The design of informative input signals is the cornerstone of modern system identification. Without properly chosen excitation, even advanced estimation algorithms may fail to provide accurate parameter estimates, leading to unreliable prediction and control. Classical references such as [1,2,3] and the reviews by [4,5,6] emphasize that identification is not only a matter of statistical estimation but also of experimental design, where the input signal determines the achievable information content. Optimal experimental design (OED) methods therefore play a crucial role in practical applications. Traditionally, OED has relied on the Fisher information matrix (FIM), with criteria such as D or A optimality widely used due to their computational efficiency and asymptotic guarantees [4,7]. However, FIM-based approaches are inherently local, relying on linearization and asymptotic normality. They may thus be fragile in scenarios with large model uncertainty or strongly non-linear stochastic dynamics.

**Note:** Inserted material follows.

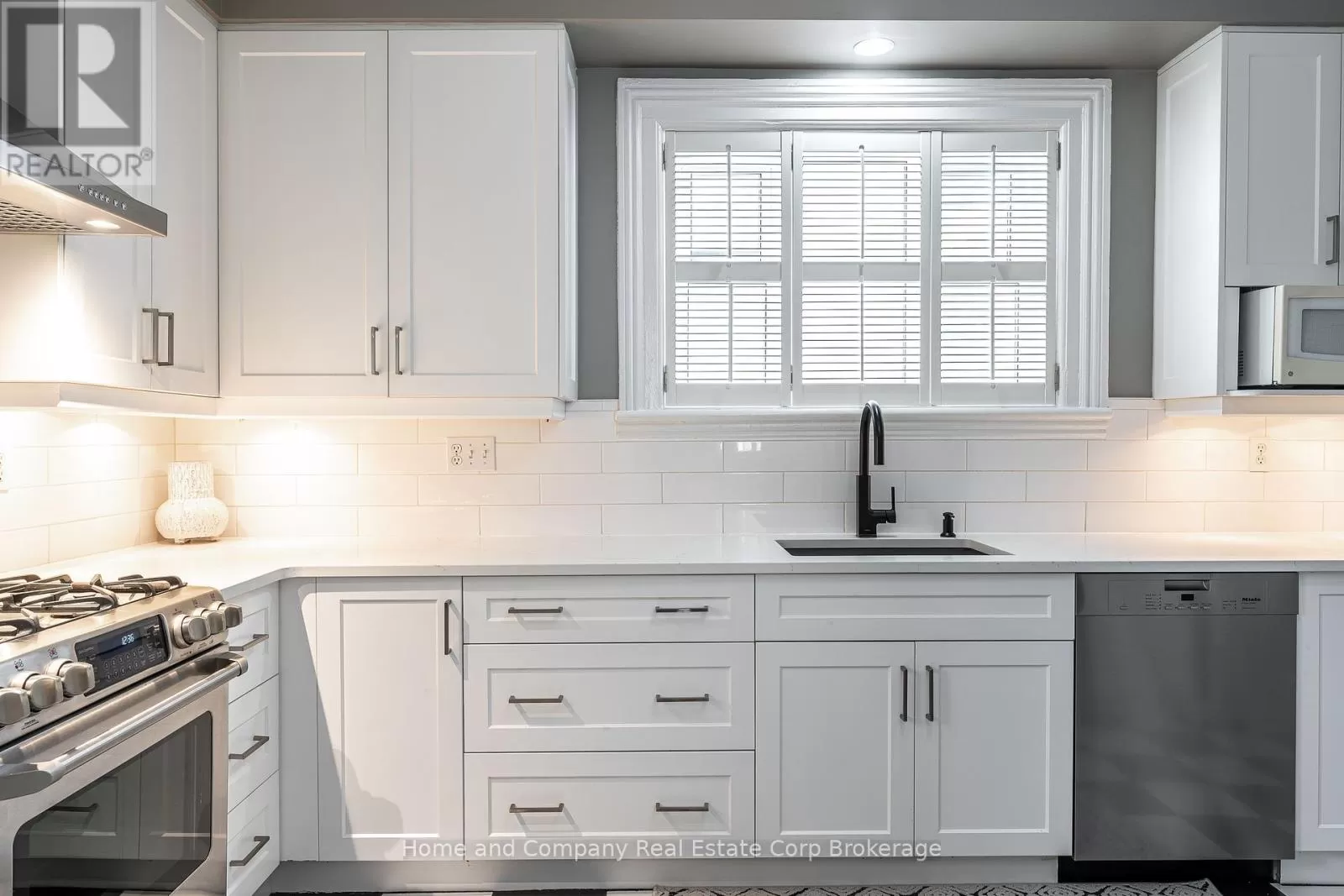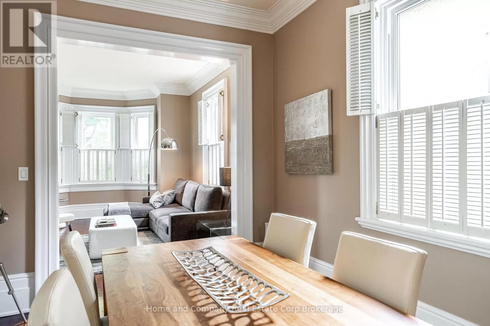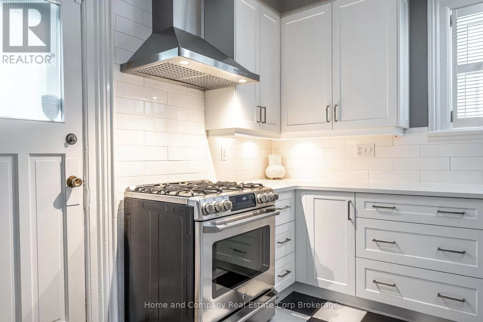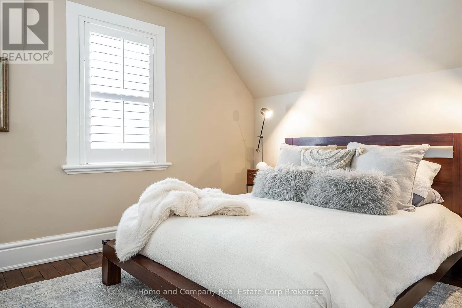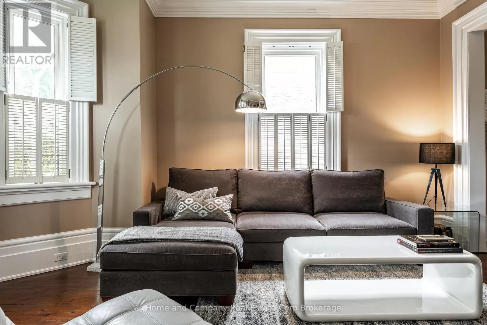 Cross Streets: St. David and Wellington street. ** Directions: South off of St. David. Welcome to this stunning yellow brick century home, perfectly blending timeless charm and modern upgrades, all just walking distance away from the vibrant Stratford downtown core. With beautiful curb appeal, original pine floors, and timeless trim throughout, this home is sure to impress. Step inside to an incredible foyer with stylish black and white tile flooring that flows seamlessly into the updated kitchen that includes a gas stove, quartz countertops, a granite sink, newer appliances, and direct access to a fully fenced backyard where you can enjoy year-round privacy on the spacious concrete patio and lots of green space for kids and pets. The incredible layout also features an inviting living room and a separate dining room perfect for family gatherings and entertaining. Upstairs, the oversized primary bedroom boasts ample closet space, complemented by a second well-sized bedroom. The home includes two updated bathrooms, including an upstairs laundry room for added convenience. Additional highlights include a large basement perfect for storage, shed in the backyard, all new eaves, and private parking. With everything updated and move-in ready, this beautifully maintained home is an exceptional opportunity to be yours! (id:27476)

A natural alternative is the Bayesian approach, which evaluates an experiment through its expected information gain, typically quantified by the mutual information between model parameters and observations [5,6,8,9,10,11]. Bayesian design has several advantages: it is globally valid over the parameter space, it naturally incorporates prior information, and it is applicable to non-linear, stochastic models. Its main drawback is computational intractability since mutual information requires high-dimensional integration over parameters and observations. Since the general case is challenging and difficult to solve, in this article, we focus on models that can be represented in the form

Y = F (θ, U) + Z,

(1)

where

θ \in {θ_{1}, \dots, θ_{r}}

is a parameter with the prior distribution

P (θ = θ_{j}) = p_{0, j}

. The noise

Z

is conditionally normal, that is,

p (Z | θ) = N (Z, 0, S (θ, U))

, and

U

is a design variable. For this class of models, the density of the observations

Y

is a finite Gaussian mixture of the form

p (Y) = \sum_{j = 1}^{r} p_{0, j} N (Y, F (θ_{j}, U), S (θ, U))

. Within these Gaussian mixtures, the mutual information between

Y

and

θ

can be estimated from below using the effective and tractable pairwise-distance-based lower bound given by Kolchinsky and Tracey [12,13]. We maximize this bound to achieve an approximate optimal design parameter

U

and then generalize the method to a parameter space of continuum cardinality. In particular, we show how to treat the Gaussian prior

p_{0} (θ) = N (θ, m_{θ}, S_{θ})

and prior distributions with compact support.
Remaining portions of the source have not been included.